▸ Work instructions
Word for word and without images, reproduce the listing that follows.

▸ Available records
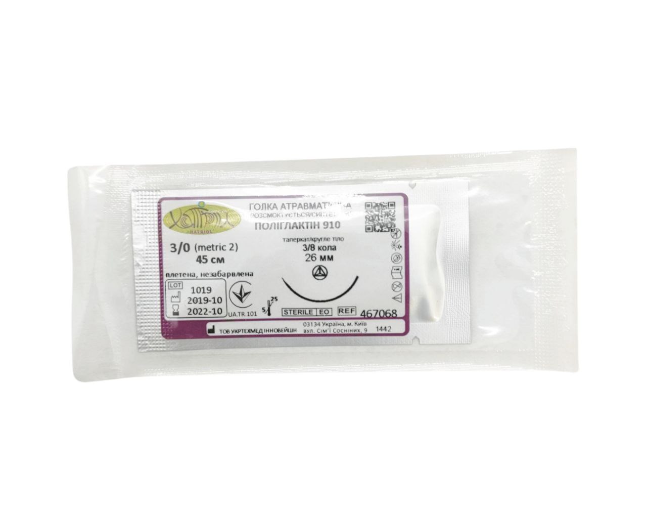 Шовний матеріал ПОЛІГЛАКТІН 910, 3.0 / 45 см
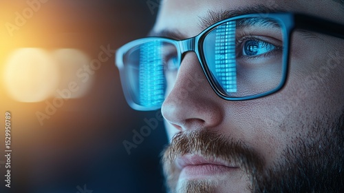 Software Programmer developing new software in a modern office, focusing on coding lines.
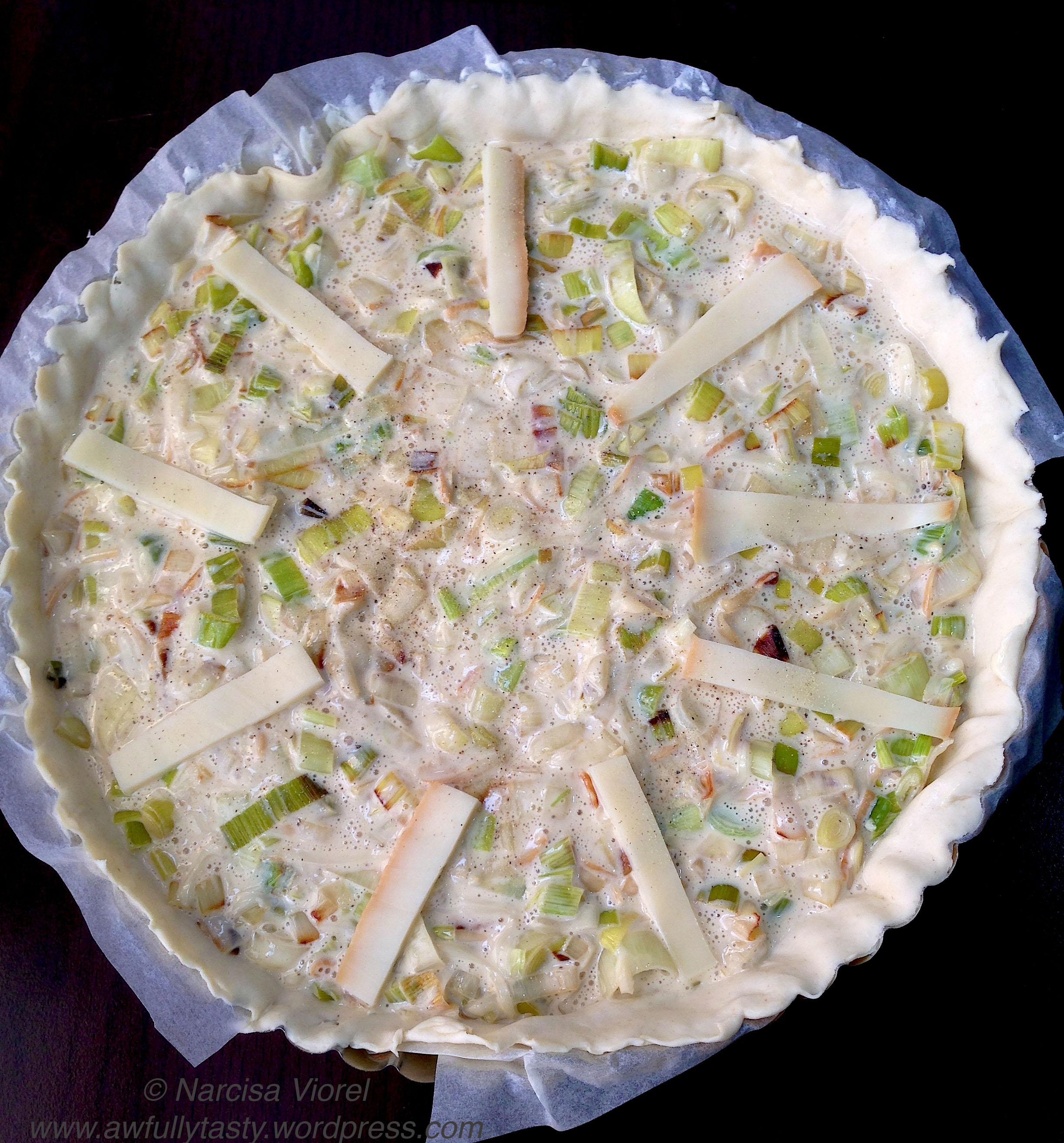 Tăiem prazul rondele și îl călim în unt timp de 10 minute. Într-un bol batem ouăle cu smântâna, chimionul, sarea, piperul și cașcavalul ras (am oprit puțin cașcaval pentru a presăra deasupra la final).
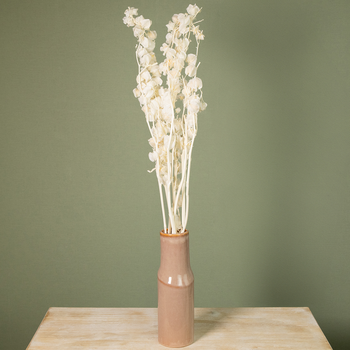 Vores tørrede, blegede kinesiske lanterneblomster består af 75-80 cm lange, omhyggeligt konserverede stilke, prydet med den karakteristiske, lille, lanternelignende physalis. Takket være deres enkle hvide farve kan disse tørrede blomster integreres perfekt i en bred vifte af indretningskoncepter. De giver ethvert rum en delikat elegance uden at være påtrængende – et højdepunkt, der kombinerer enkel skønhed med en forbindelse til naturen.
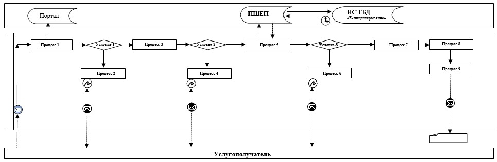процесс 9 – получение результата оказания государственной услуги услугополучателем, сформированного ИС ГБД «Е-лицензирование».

▸ Your response
 Шовний матеріал ПОЛІГЛАКТІН 910, 3.0 / 45 см
 Software Programmer developing new software in a modern office, focusing on coding lines.
 Tăiem prazul rondele și îl călim în unt timp de 10 minute. Într-un bol batem ouăle cu smântâna, chimionul, sarea, piperul și cașcavalul ras (am oprit puțin cașcaval pentru a presăra deasupra la final).
 Vores tørrede, blegede kinesiske lanterneblomster består af 75-80 cm lange, omhyggeligt konserverede stilke, prydet med den karakteristiske, lille, lanternelignende physalis. Takket være deres enkle hvide farve kan disse tørrede blomster integreres perfekt i en bred vifte af indretningskoncepter. De giver ethvert rum en delikat elegance uden at være påtrængende – et højdepunkt, der kombinerer enkel skønhed med en forbindelse til naturen.
процесс 9 – получение результата оказания государственной услуги услугополучателем, сформированного ИС ГБД «Е-лицензирование».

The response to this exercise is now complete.